While this appeals in theory, Capgemini's World Retail Banking Report 2022 shares that 82% of executives face difficulty identifying new customer segments. Although banks are flush with customer data, they suffer from a severe inability to leverage this data because of broken analytics and data consolidation engines. Focus groups can be a possible solution to arrive at newer products that appeal to a particular demographic and iron out detrimental features in an existing product line.

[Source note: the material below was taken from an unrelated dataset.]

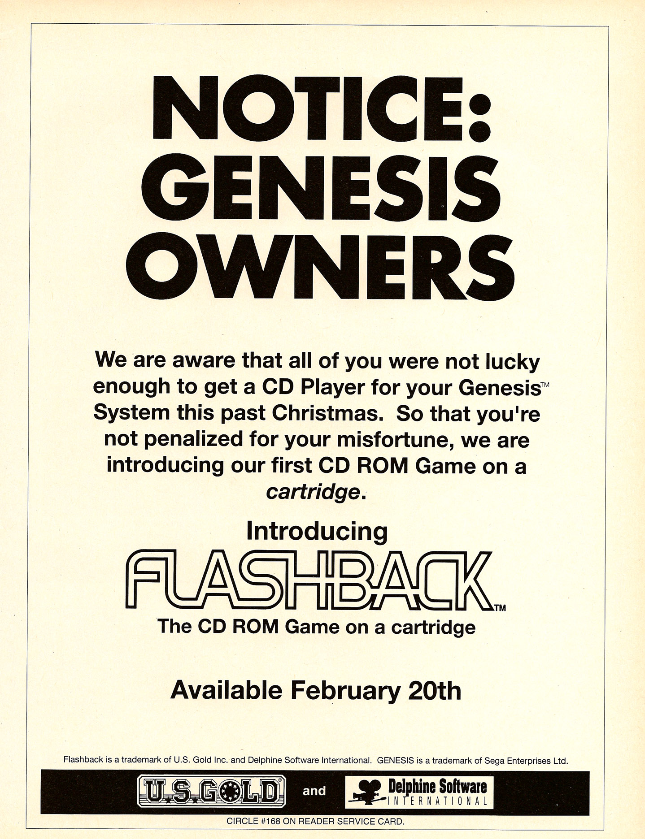 Ad for Flashback (Sega Genesis) (EGM #43)pic.twitter.com/S8YXPmE2p9

Enduring success in customer segmentation calls for the QUAD:

  1. A robust product development or innovation team responsible for understanding audience needs and designing a product
  2. A team responsible for arriving at the optimum business model to take the product to market through tech or business partnerships
  3. A customer data platform to provide a consolidated view of customer behavior
  4. A banking technology architecture that’s far from legacy.

The way forward

The change in the marketplace and the emergence of new-age Fintechs have forced banks to rethink their customer-centric strategy and modernize their legacy systems.

The ability to understand customer preferences, map them to product characteristics, and change their technology systems to launch products faster is vital. Towards this end, most leading banks have started leveraging partnerships with customer data platforms to aggregate, manage and analyze a wide range of data – financial, social, demographic, behavioral, and health. 

While some of these insights translate into creating newer targeted offerings, others call for a more significant shift in business model by partnering with Fintechs and new-age tech players or embedding financial products in the broader ecosystem.